College football works completely differently. There is no draft. There is no salary cap (though NIL rules have created a quasi-market). Instead, teams recruit high school players in an open competition where blue-blood programs with national brands, elite facilities, and winning traditions have enormous advantages. A five-star recruit from Texas might choose between Alabama, Ohio State, Texas, and USC—but probably won't even consider a Group of 5 school.
This makes recruiting data absolutely fundamental to college football analytics. While NFL teams acquire talent through a mechanism designed to promote parity, college football's recruiting system amplifies existing advantages. The teams that recruit well tend to stay good, while teams that recruit poorly struggle to break through. This creates persistent competitive hierarchies that make college football strategically different from the NFL.
Recruiting data allows analysts to:
- Predict future performance: Teams with top recruiting classes tend to win more games 2-3 years later
- Identify development: Teams that win more than their recruiting suggests are "developing" players effectively
- Assess coaching: Coaches are often evaluated partly on recruiting class rankings
- Project competitive landscape: Conference realignment and NIL changes affect recruiting territories
- Quantify talent gaps: Understanding roster talent helps adjust performance metrics appropriately
Recruiting is fundamental to college football success, and multiple services track recruiting rankings and commitments with varying methodologies and coverage.

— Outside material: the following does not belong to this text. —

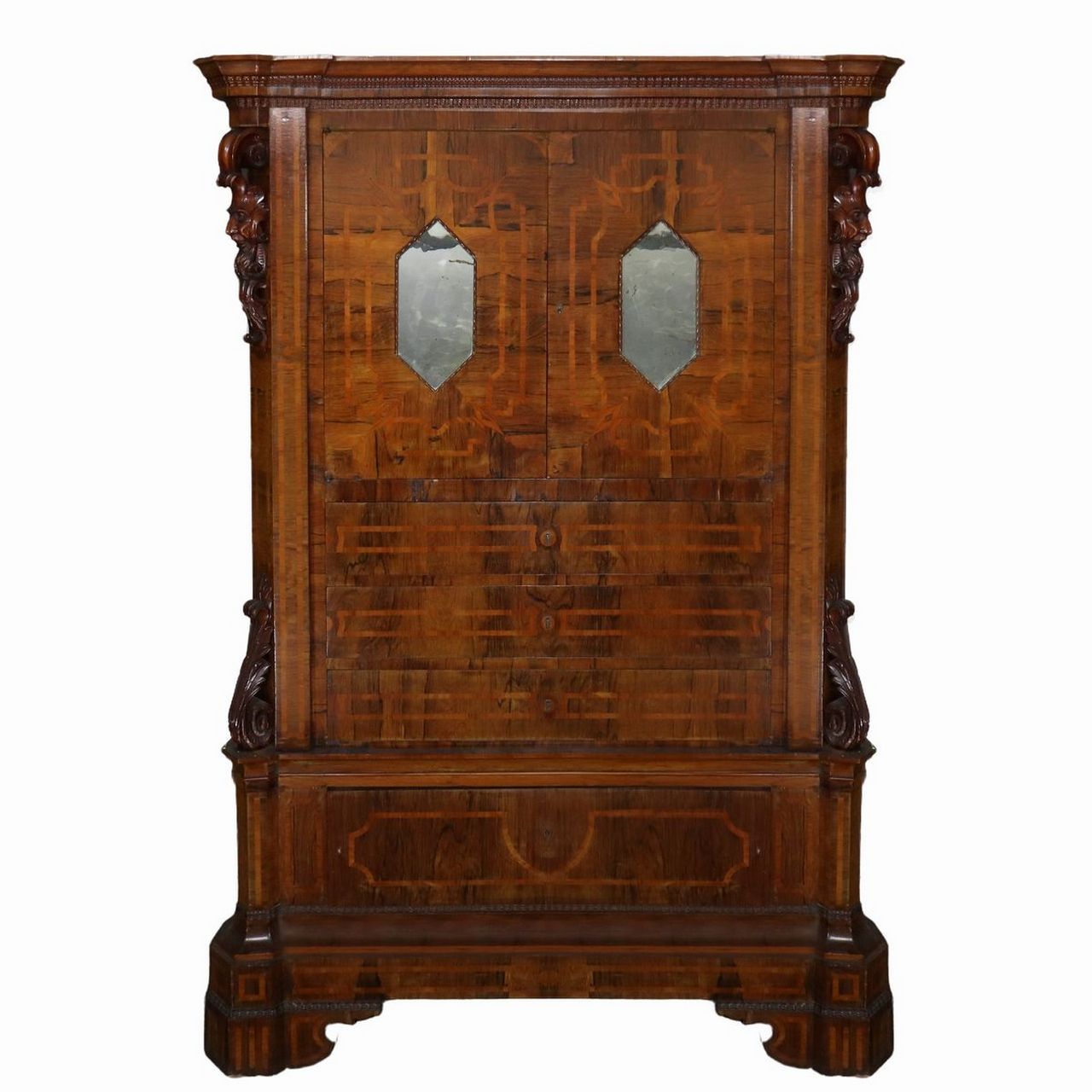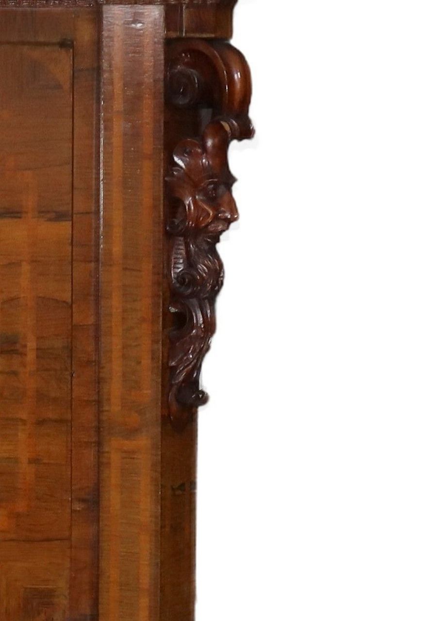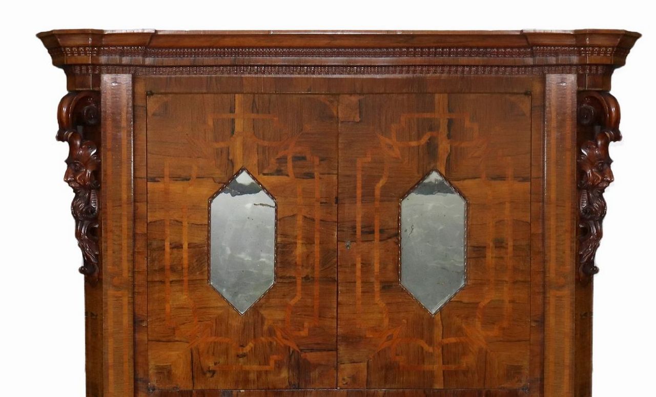 Piccola Schiffonier , 19° secolo Sicily h cm 178 x 125 x 57 Con inserti di Boise de rose, corpo unico parte superiore a due sportelli con specchi centrali a losanga, parte inferiore con tre cassetti più cassetto alla base più grande ,sculture con mascheroni intagliati a foglie ai lati, piedi a mensola.

Primary Recruiting Services
247Sports Composite
- Industry-standard rankings combining multiple sources
- Star ratings (2-5 stars)
- Numerical ratings (0.0000-1.0000)
- Position rankings
- Available through CFBD API
Other Services
- Rivals: Long-standing recruiting service
- ESPN: National recruiting rankings
- On3: Newer service with NIL valuations
Accessing Recruiting Data
#| label: recruiting-r
#| message: false
#| warning: false
#| cache: true
# Get recruiting rankings
recruiting_2024 <- cfbd_recruiting_player(
year = 2024,
classification = "HighSchool"
)
# Top recruits
top_recruits <- recruiting_2024 %>%
arrange(desc(rating)) %>%
select(name, position, school = committed_to,
rating, ranking, stars, hometown = city, state = state_province) %>%
head(25)
top_recruits %>%
gt() %>%
tab_header(
title = "Top 2024 Recruits",
subtitle = "247Sports Composite Rankings"
) %>%
cols_label(
name = "Player",
position = "Pos",
school = "Committed To",
rating = "Rating",
ranking = "National Rank",
stars = "Stars",
hometown = "City",
state = "State"
) %>%
fmt_number(
columns = rating,
decimals = 4
) %>%
data_color(
columns = stars,
colors = scales::col_numeric(
palette = c("lightgray", "gold"),
domain = c(3, 5)
)
)
# Team recruiting class rankings
team_recruiting <- cfbd_recruiting_team(year = 2024)
team_recruiting %>%
arrange(rank) %>%
select(team, rank, points, avg_rating = average_rating) %>%
head(20) %>%
gt() %>%
tab_header(
title = "2024 Recruiting Class Rankings"
) %>%
fmt_number(
columns = c(points, avg_rating),
decimals = 2
) %>%
cols_label(
team = "Team",
rank = "Rank",
points = "Points",
avg_rating = "Avg Rating"
)
#| label: recruiting-py
#| message: false
#| warning: false
#| cache: true
# Get recruiting data
recruiting_api = cfbd.RecruitingApi(cfbd.ApiClient(configuration))
try:
# Player rankings
players = recruiting_api.get_recruiting_players(
year=2024,
classification='HighSchool'
)
# Convert to DataFrame
recruits_df = pd.DataFrame([{
'name': p.name,
'position': p.position,
'school': p.committed_to,
'rating': p.rating,
'ranking': p.ranking,
'stars': p.stars,
'city': p.city if hasattr(p, 'city') else '',
'state': p.state_province if hasattr(p, 'state_province') else ''
} for p in players])
# Top recruits
top_recruits = recruits_df.sort_values('rating', ascending=False).head(25)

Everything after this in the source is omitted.